# How many pounds of raspberries do I want to use for 3 gal of pee?



## abefroman (Dec 19, 2010)

How many pounds of raspberries do I want to use for 3 gal of pee?

Is it 2 pounds per gallon?


----------



## FTC Wines (Dec 19, 2010)

I used 3- 12 oz. bags of frozen raspberries & a 11.5 oz can of frozen red grape juice to make a gallon of raspberry wine. Then used the slurry & maybe an extra 16 oz. of the fermenting wine at 1.030 and added that to the 5.5 gal. batch of SP. It's making an awesome SP. & I have 3 liters of raspberry wine left that I will either drink separately or blend with the SP to make it even more raspberry later if desired. hope that helps, Roy


----------



## abefroman (Dec 21, 2010)

FTC Wines said:


> I used 3- 12 oz. bags of frozen raspberries & a 11.5 oz can of frozen red grape juice to make a gallon of raspberry wine. Then used the slurry & maybe an extra 16 oz. of the fermenting wine at 1.030 and added that to the 5.5 gal. batch of SP. It's making an awesome SP. & I have 3 liters of raspberry wine left that I will either drink separately or blend with the SP to make it even more raspberry later if desired. hope that helps, Roy


Thanks!

So the flavor of the skeeter pee is largely based upon the slurry?

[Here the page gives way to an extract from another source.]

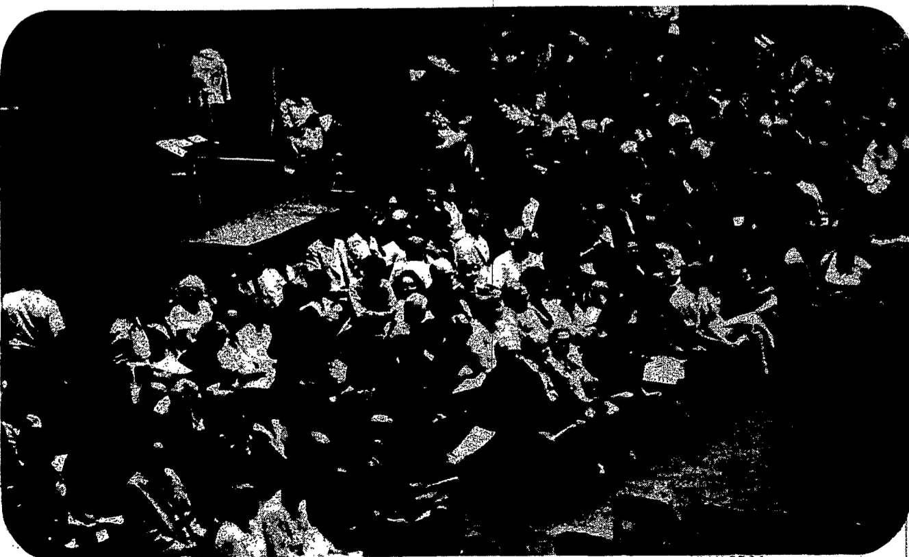
Eucharistic Ministers await instructions.

If I'm trying to add some raspberry flavor to a lemon SP, what would you say to use per gallon?

Per the f-pac recipe, for 3 gallon I would need about 4.5 pounds, assuming 15# of fruit makes 3 gal, and going with a 30% f-pac, do those proportions hold true for flavoring a wine not made with that fruit? For example a skeeter pee or mead?

Or does it make more sense to try to integrate the raspberries while its fermenting, and then f-pac it at the end as well?


----------



## FTC Wines (Dec 22, 2010)

the slurry does give SP some flavor & color. My raspberry SP looks great & tastes ok but it's only 15 days old! I still have 3 liters of raspberry wine left that I will blend with the raspberry SK prior to bottling, in approx. 6 mo. I have not done an F Pac yet to any of my wines, but read a lot about it, so I may try one soon. I do use Whitehouse Apple Juice to top off & sweeten my Apple Wine prior to bottling, guess that's sort of a F Pac. Roy


----------